→ **WHAT IS NEEDED**
Give the listing again, word for word, and let no picture into it.

→ **EXERCISE DATA**
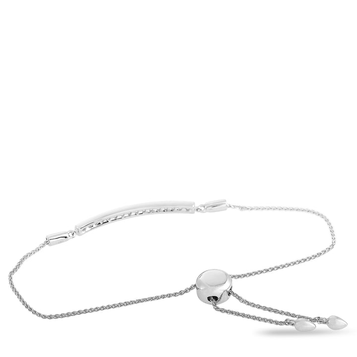 Crafted from 14K white gold and adorned with 0.25 ct diamonds. This bracelet is adjustable up to 9.25” in length and weighs 4.5 grams. Comes with a gift box.
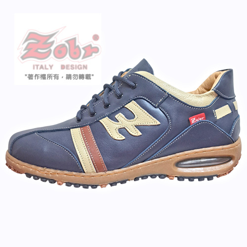 ZOBR真皮雙彈力氣墊休閒鞋藍米款 BB228
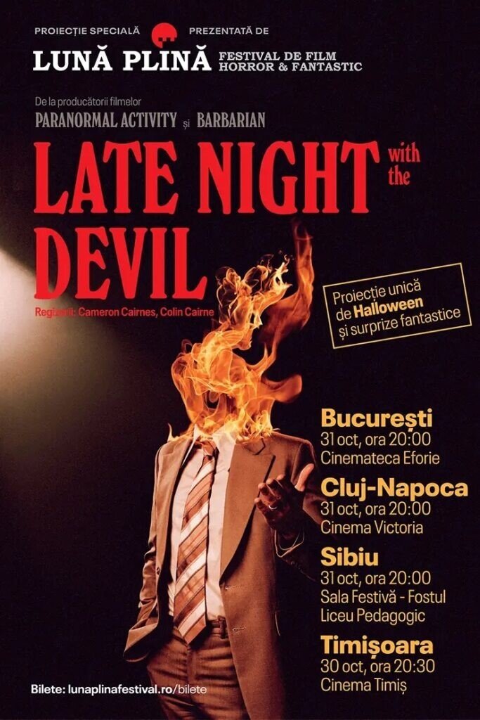Este unul dintre cele mai bune horror-uri ale anului, cu elemente de satiră și comedie, smart și cinic, apreciat deopotrivă de critici și de publicul din SUA, iar tu ai șansa să-l vezi într-o singură proiecție de Halloween joi, 31 octombrie, de la ora 20:00 „Late Night with the Devil” (r. Cameron Cairnes, Colin Cairnes, 2024, SUA) în Sala Festivă – Fostul Liceu Pedagogic, Sibiu.

→ **RESULT FOR THIS TASK**
 Crafted from 14K white gold and adorned with 0.25 ct diamonds. This bracelet is adjustable up to 9.25” in length and weighs 4.5 grams. Comes with a gift box.
 ZOBR真皮雙彈力氣墊休閒鞋藍米款 BB228
Este unul dintre cele mai bune horror-uri ale anului, cu elemente de satiră și comedie, smart și cinic, apreciat deopotrivă de critici și de publicul din SUA, iar tu ai șansa să-l vezi într-o singură proiecție de Halloween joi, 31 octombrie, de la ora 20:00 „Late Night with the Devil” (r. Cameron Cairnes, Colin Cairnes, 2024, SUA) în Sala Festivă – Fostul Liceu Pedagogic, Sibiu.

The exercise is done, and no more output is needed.